Thank you, Rerouter.

I understand a little of this, but....

Is it that Post #1 gets you the 200MHz and nothing else? Or the options, too?

Is it that with the Ewaller method you could access the entire firmware and, given that you wrote code, you could modify it?

I just want the greater bandwidth and to use the pay-to-play options (with non-Siglent devices, like my own function generator, WiFi dongle, etc.)

I appreciate your help.
« Last Edit: January 11, 2019, 02:40:36 pm by t1d »
 

Offline Rerouter

  • Super Contributor
  • ***
  • Posts: 3815
  • Country: au
  • Question Everything... Except This Statement
Re: Unlocking Siglent SDS1104X-E, step by step
« Reply #77 on: December 29, 2018, 10:29:49 am »
the memdump method will get you a file that has all the option and bandwidth codes, just takes some digging with a hex editor.

Working with your own wifi dongle is harder to say. at this point it only has a driver for the MT7601 dongle, If your familiar enough with linux drivers you can probably try and make another work via patching, but doubtful out of the box.

With your own signal generator is equally a little difficult, If you want to use the bode plot mode then you need to use similar to an earlier thread where a Python application on another PC pretended to be a networked signal gen and translated the commands, There may be a way to patch in other devices, but I have not gone digging deep enough, I defiantly know where all the bode plot strings are located, but not sure if its just a straight patch or if it needs to be broken into elsewhere,

 

Offline t1d

  • Frequent Contributor
  • **
  • Posts: 560
  • Country: us
Re: Unlocking Siglent SDS1104X-E, step by step
« Reply #78 on: December 29, 2018, 11:52:33 am »
Thanks, Rerouter.

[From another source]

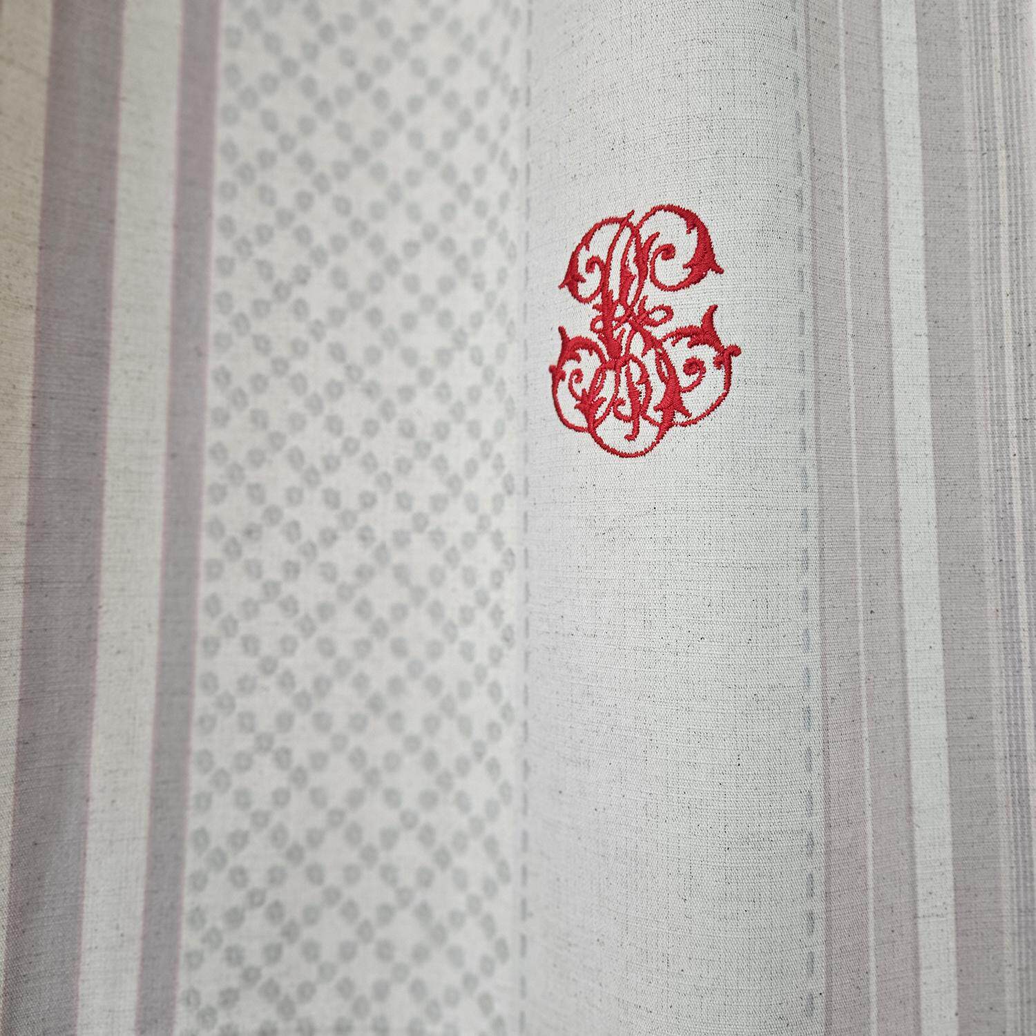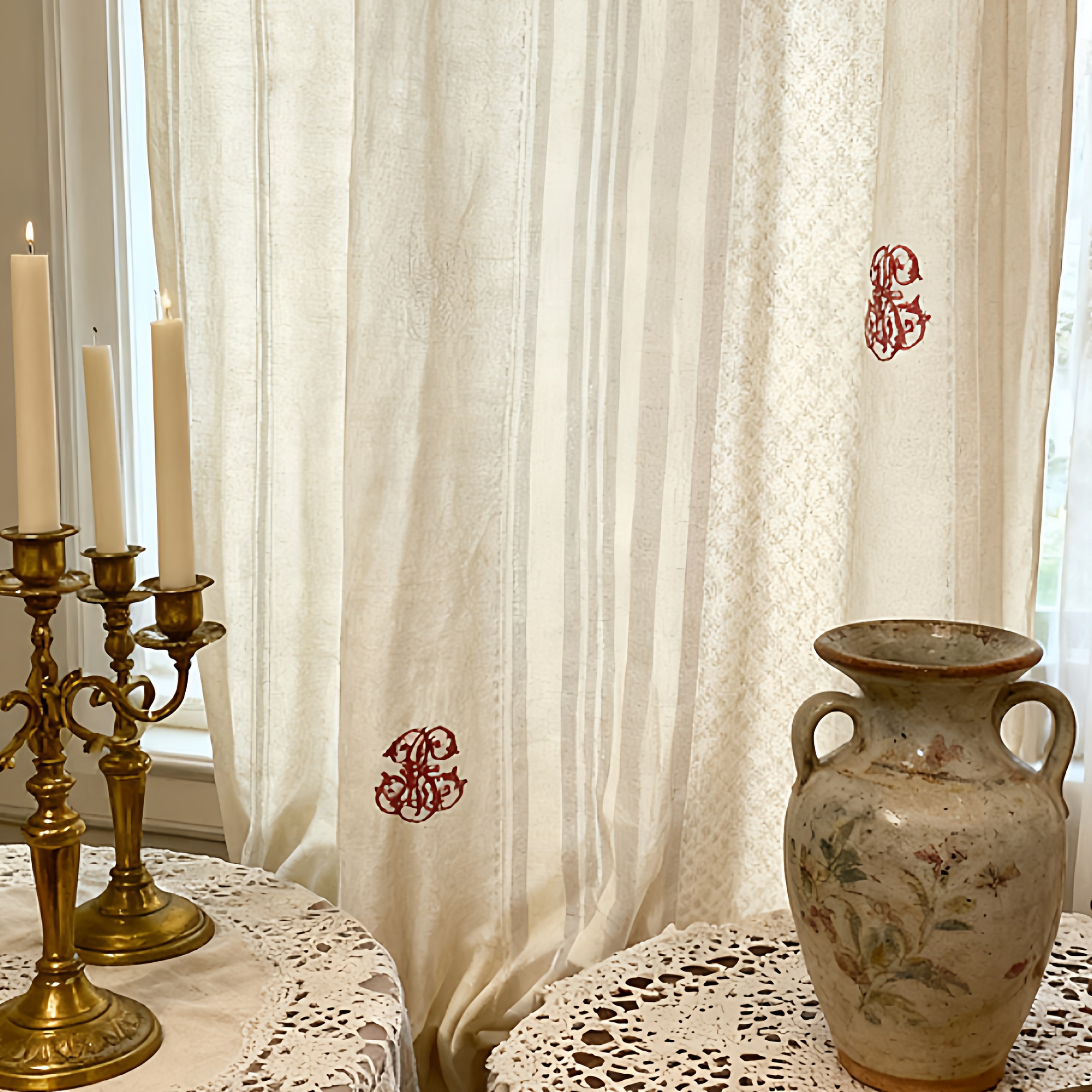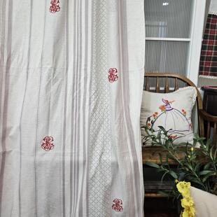 法式 浪漫棉麻刺绣字母绣系带帘红绣遮光条纹印花简约现代贵族窗帘

Much appreciated.
 

Offline ewaller

  • Contributor
  • Posts: 23
  • Country: us
Re: Unlocking Siglent SDS1104X-E, step by step
« Reply #79 on: December 29, 2018, 03:08:45 pm »
If you have used up all of your trial runs for MSO, WIFI or AWG; and you have not purchased your licence keys, you may be able to reset the number of trial runs by sending the following through the web interface SCPI mechanism (here I set the number to 99)

SHELLCMD echo -n 99 > /usr/bin/siglent/usr/usr/options_awg_times.txt

Replace the awg with wifi or mso  as appropriate.  change 99 to the number of demo runs you desire.
These files have  exactly two characters in them with no n/l or l/f, hence the -n option on echo.  99 may, or may not be a maxima -- again, these files have exactly two characters in them.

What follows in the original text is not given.